Google I/O 2016: Tracking The Election Through GDELT / Reddit / Wikipedia

In their lively and fast-paced Google I/O 2016 talk, Felipe Hoffa and Jordan Tigani trace mainstream and social media coverage of the 2016 US presidential election through the eyes of GDELT and several other datasets.

One particularly striking graph is the timeline below, showing the intensity of mentions of Bernie Sanders in the mainstream media (via GDELT), social media (using Reddit as a proxy) and Wikipedia page views (given that Wikipedia page views are frequently used as a proxy for public interest).

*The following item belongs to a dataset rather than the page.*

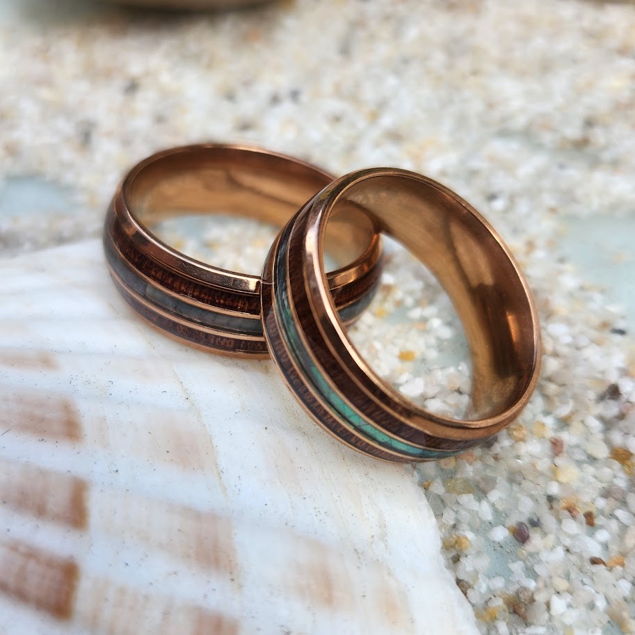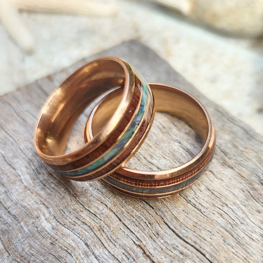 ROSE GOLD - PAUA SHELL & WOOD INLAY WATERPROOF MEN'S RING

google-io-2016-bigquery-gdelt-social-politics-2016

What makes this timeline so powerful is the fact that mainstream media so closely tracks Reddit social coversation and Wikipedia views. This is especially noteworthy given the common claim that social media unilaterally "beats the news" and always gives the first indicator of any event or phenomenon ahead of traditional news media. Here we can see that is very much not the case, with GDELT actually beating Reddit and Wikipedia views to the punch both in the very first glimmers of Sanders in March 2015 and then when he begins to really take off in May 2015 and again in October 2015. Across the timeline as a whole, media either leads or at least holds fairly even with Reddit and Wikipedia views. This is in keeping with the largely missed phenomena that social media tends to be best at reflecting sudden onset tangible physical events, while traditional MSM can offer more powerful indicators to larger and long-term emergent patterns like the rise of Bernie Sanders.

At the very least, what we see in the graph above is a powerful reminder of how traditional news media reflects and drives global human society.